Limited company shares can be transferred or sold to other people, just like any other form of property. Share transfers, therefore, are very common and may take place for any number of reasons, including :
- the retirement or death of a shareholder
- recouping an investment
- gifting shares to family members
- raising additional capital
- bringing in a new business partner
To legally sell or transfer ownership of shares, a Stock Transfer Form must be completed. There is no need to notify Companies House at the time of any transfer – you simply need to report the changes on the next annual Confirmation Statement. However, it is considered best practice to file a Confirmation Statement as soon as possible after any share transfers. You may also need to notify HMRC if any Stamp Duty is due.
In some companies, the articles of association may stipulate that shares may only be sold or given to existing members, company employees, or family members of existing shareholders. The articles may also express the company’s right to buy back any shares when they become available. If you have a shareholder’s agreement, it may include certain conditions on share transfers, so it is important to check these documents beforehand.
How to complete a Stock Transfer Form
To complete a Stock Transfer Form, you will need to include the following details:
- Company name and registration number
- Number and class (type) of shares being transferred
- Amount paid or due to be paid for the shares, if applicable
- Details of any non-cash payments, if applicable
- Name and address of the existing owner (the ‘transferor’)
- Name and address of the new owner (the ‘transferee’)
- Authorising signature of both parties
- Declaration of Stamp Duty liability, if any
Both the transferor and transferee should be given a copy of the Stock Transfer Form. A share certificate must also be issued to the new shareholder.
The company should retain copies of all Share Transfer Forms and share certificates at its registered office address (or SAIL address, if applicable).
Directors are also responsible for updating certain statutory company registers as soon as possible, including the register of members and the register of People with Significant Control (PSC register).
Stamp Duty on shares
Stamp Duty is payable when company shares are transferred for more than £1,000. In such instances, the new shareholder must pay Stamp Duty tax to HMRC at a rate of 0.5% of the sale value. There is no Stamp Duty to pay on any share transfers below £1,000, or when shares are transferred as a gift.
Restrictions on the transfer of shares
Before selling or gifting shares, you must check the articles of association and shareholders’ agreement (if applicable) for any restrictions, such as:
- Pre-emption rights of existing shareholders
- The directors’ power to authorise share transfers
- Buy-back options of the company
However, shareholders do have the authority to amend the articles and shareholders’ agreement to include, remove, or change restrictions on share transfers. To do so, a special resolution must be passed.
Pre-emption rights are provisions that protect members’ rights and prevent the unfair dilution of their shares. Share dilution happens as a direct result of new shares being issued and purchased by outside investors. Consequently, the existing shareholders’ proportional ownership of the company is reduced, which has a negative impact on their level of control and profit entitlement.

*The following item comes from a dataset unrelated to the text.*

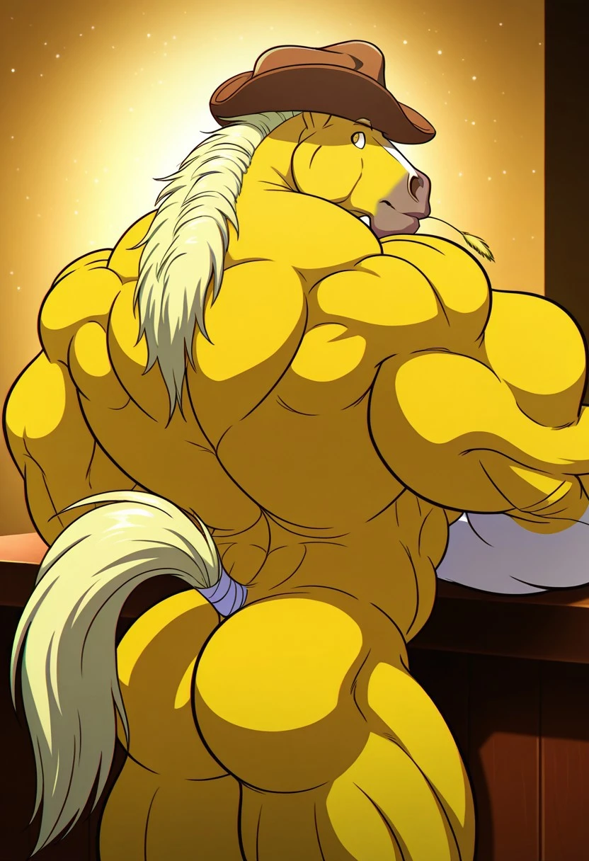 Reinforcement Prompts: "furry male, horse, tail, yellow eyes, long hair, blonde hair, yellow fur"

When pre-emption rights are in place, available shares must be offered to existing members first (i.e. before they can be offered to non-members). The percentage of shares offered to each member should be in relation to their current percentage of ownership, thus enabling them to maintain their existing level of shareholdings and prevent the potentially harmful influence of outside investors.

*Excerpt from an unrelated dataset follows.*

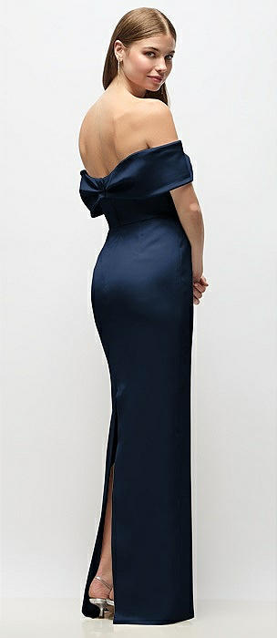 Off-the-Shoulder Bow-Back Satin Trumpet Gown in midnight navy

Directors are appointed to make decisions on behalf, and for the benefit, of shareholders. Many companies allow their directors to authorise share transfers, whilst others only prescribe this authority to shareholders. It is entirely up to the members of a company to decide which powers are granted to directors.
If a director does not have the power to authorise share transfers, the members must:
- pass a resolution to authorise the transfer, or
- grant the necessary powers to the director on that particular occasion
How to notify Companies House about share transfers
There is no need to notify Companies House about share transfers until you file your next Confirmation Statement. Changes to shareholders should be updated at the same time. When Companies House has been notified, the new information will be updated on the public register.
Alternatively, you can update your Confirmation Statement early if you wish to report the changes immediately. This is recommended if you’re setting up a business bank account, applying for a loan, or entering into any other type of contract or agreement with third parties.